▼▼▼
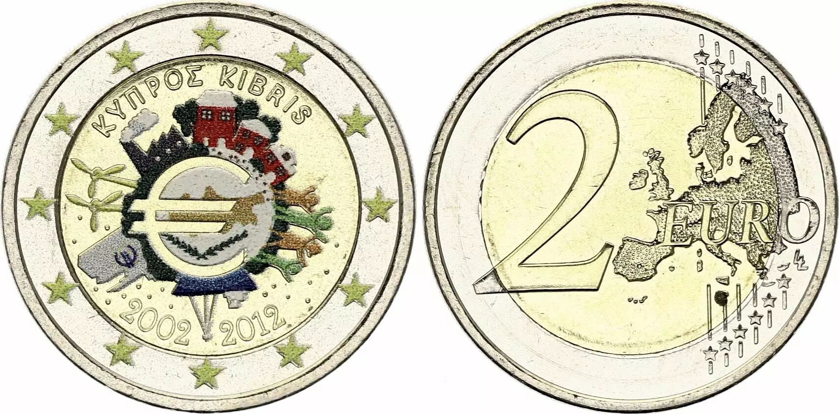 Coin Cyprus 2 Euros - 10 years of the Euro - Colorised - 2012
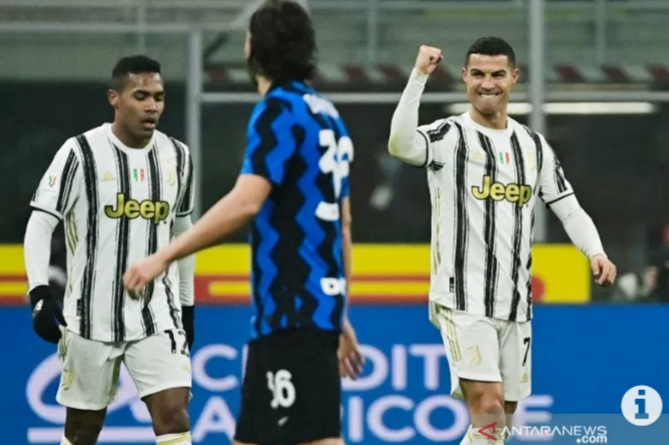 MILAN–Dua gol yang diukir Cristiano Ronaldo mengamankan kemenangan 2-1 Juventus atas Inter Milan pada pertandingan leg pertama semifinal Coppa Italia di Giuseppe Meazza, Milan, Rabu dinihari WIB.
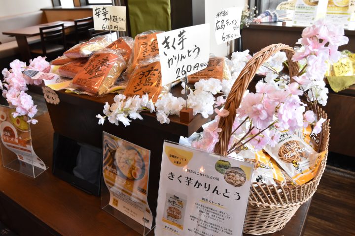 店内では、きく芋かりんとう、辛辛つけ麺(2食入り)、豚骨醤油広島ラーメン(2食入り)などの商品も販売しています。
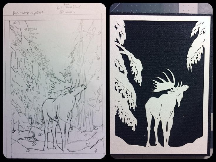 - Если вы решили воспользоваться собственным эскизом, перенесите его любым удобным способом на листы бумаги для вырезания. Сделайте рисунок на оборотной стороне листа, чтобы картина смотрелась аккуратно.
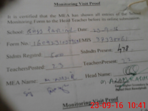 | Certified that this School was Inspected by the Undersigned MEA/DMO Today and the Information Stated Above is as Per Record. | |||||
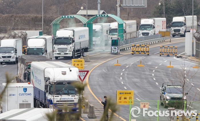 한편, 정부는 경협 보험금 지급, 일시적 자금애로 해소 지원, 세금 납부 유예 등을 통해 개성공단 전면 가동 중단 조치에 따른 입주기업들의 피해를 최소화한다는 방침이다.(파주=포커스뉴스) 11일 오후 경기 파주시 경의선 남북출입사무소에서 개성공단 화물차들이 입경하고 있다. 2016.02.11 양지웅 기자
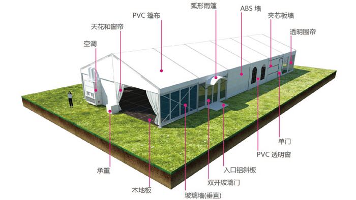 產(chǎn)品優(yōu)勢.外觀簡潔大方. 內(nèi)無支柱,百分百利用空間.可選配套設(shè)施,可加照明、排水、防撞、地臺、空調(diào)、發(fā)光燈箱、墻體、門等系統(tǒng).鋁合金輕便,安裝拆卸方便快捷.廣泛應(yīng)用于展會、售樓處、倉儲、景區(qū)、酒店、夜市等。
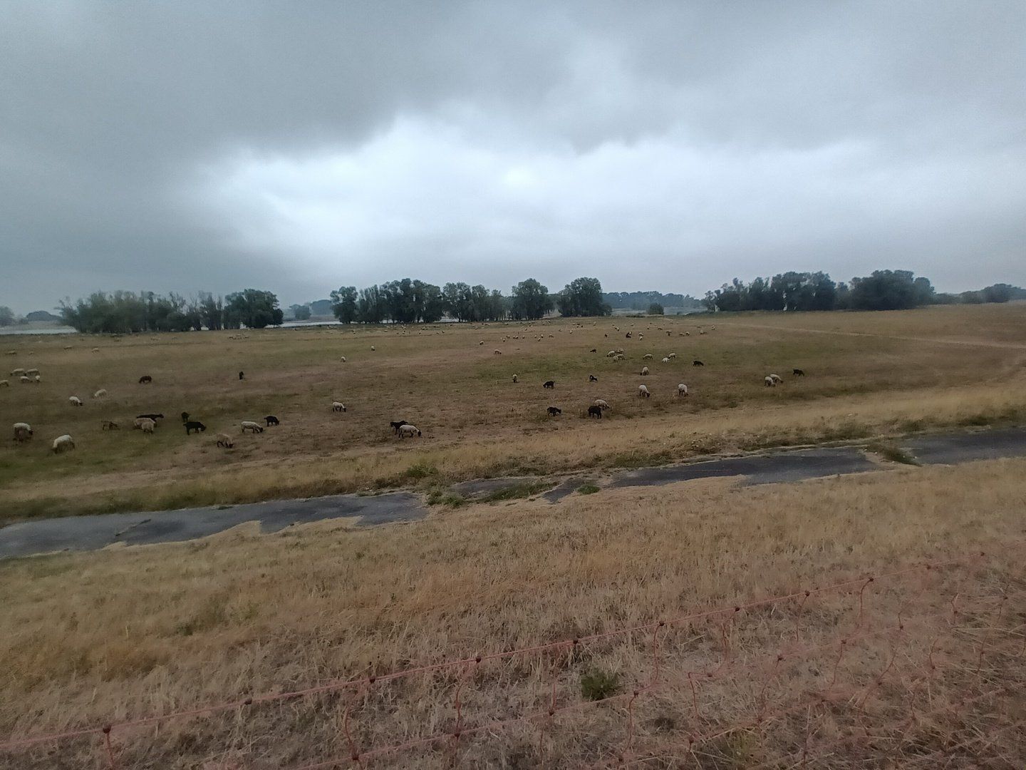 Ongeveer 15 kilometer voor Hitzacker hielden we nog een korte koffiepauze aan de Elbe, want de route was vandaag zwaarder dan de andere dagen. Tot nu toe hebben we geen schapen op het fietspad gezien, maar vandaag wel een paar.
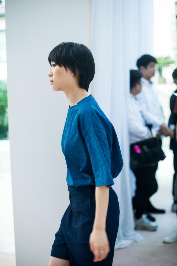 走秀在露天支起的白色帐篷中进行,四周包围着绿色植物和黄色地中海风格建筑。秀场旁就是 Klee Klee 的临街店铺,室内设计以木材搭配白色墙面,简单温馨。服装以蓝色、大地色和白色为主,挂有“环保棉”、“Indigo Juice”(一种只需少量水和能源的丹宁染色工艺)或“BCI 良好棉花”的标签。门口摆着《庄严:西部植物》的展览手册。摄影师庄严也为 Klee Klee 拍摄了 Lookbook。
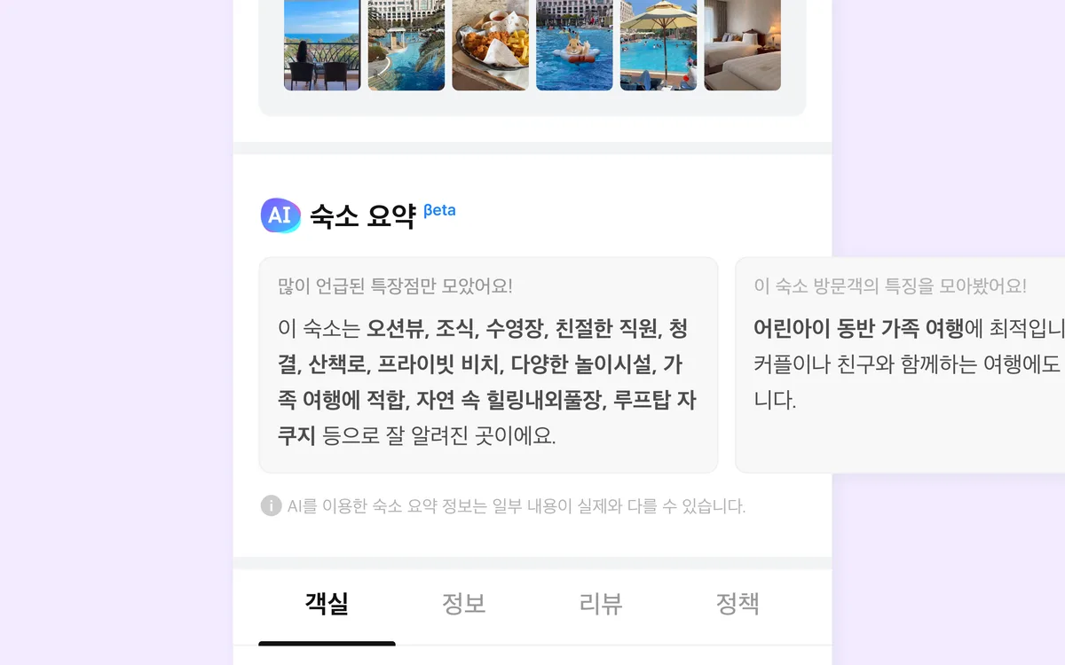 이번 서비스는 여행자가 직접 올린 영상과 리뷰 데이터를 인공지능으로 분석해 숙소 평가에 반영하는 방식으로, 보다 정교하고 신뢰도 높은 맞춤형 추천을 제공한다.
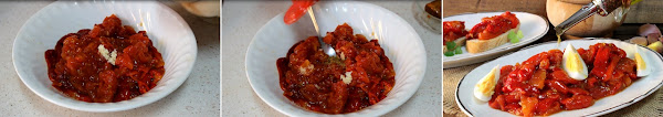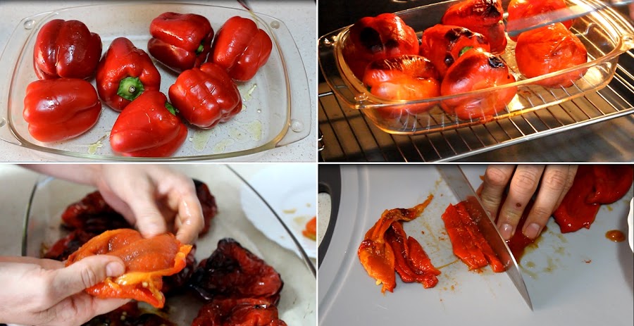 Existen muchas variantes de esta ensalada, así como la forma de prepararla, generalmente se asan los tomates y los pimientos juntos, pero mi madre la hace a su manera, y así es como lo ha aprendido yo...
▲▲▲
**WHAT THE EXERCISE ASKS**: Leave out the pictures, and retype exactly the lines from the one containing "이번 서비스는 여행자가" through the last line of the data above, no more and no less.

**SOLUTION FOR THIS EXERCISE**:
 이번 서비스는 여행자가 직접 올린 영상과 리뷰 데이터를 인공지능으로 분석해 숙소 평가에 반영하는 방식으로, 보다 정교하고 신뢰도 높은 맞춤형 추천을 제공한다.
 Existen muchas variantes de esta ensalada, así como la forma de prepararla, generalmente se asan los tomates y los pimientos juntos, pero mi madre la hace a su manera, y así es como lo ha aprendido yo...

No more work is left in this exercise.